5. The disclosure of the Confidential Information does not create an obligation on either party to enter into further possible relationships or contractual agreements.
6. Nothing contained in the Agreement shall constitute either party as the legal representative of the other party for any purpose whatsoever and neither party is granted hereunder any right or authority to assume or create any obligation or responsibility expressed or implied on behalf of or in the name of the other party nor to bind the other party in any manner or way whatsoever.
7. The Receiving Company undertakes to indemnify and keep the Disclosing Company at all times fully indemnified from and against any loss or disclosure of Confidential Information and from all actions, proceedings, claims demands, costs, awards and damages however arising as a result of any breach or non-performance of any of the warranties undertakings or obligations under this agreement.

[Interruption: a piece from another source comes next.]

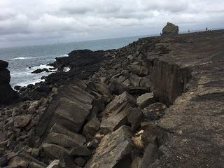 She opened the door against a healthy wind and shut it quick for Snoring Snorri’s benefit, zipped up her coat and walked down the trail to find a blue-green stream running through black lava landscape, steam floating up from who knows where. She took a few iPhone pictures for her “weird water” collection and made her way back to the car.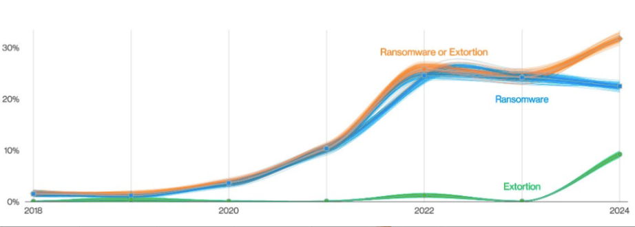 一直到此次最新发布的《2024年数据泄露调查报告》,其显示,涉及勒索软件或其他勒索攻击依然保持增长态势,占所有数据泄露事件的32%,同比去年增幅近8%。同时,每个勒索软件攻击导致的损失成本中位数已从前两年的26000美元增至46000美元。值得注意的是,勒索软件组织新技术的使用导致勒索软件的数量略降至23%,但勒索软件攻击及其他勒索行为,依然成为92%行业共同面临的最大威胁,不容小觑。

8. The Receiving Party warrants that it has the legal capacity and it has the power and authority to enter into the Agreement and are able to grant the rights provided for herein.
9. The Agreement constitutes the entire agreement and agreed position between the Disclosing Party and the Receiving Party with respect to the confidentiality of the Confidential Information, and supersedes all prior discussions and negotiations.
10. The Agreement shall be governed by and interpreted in accordance with the laws of England and the parties submit to the exclusive jurisdiction of the courts of England and Wales.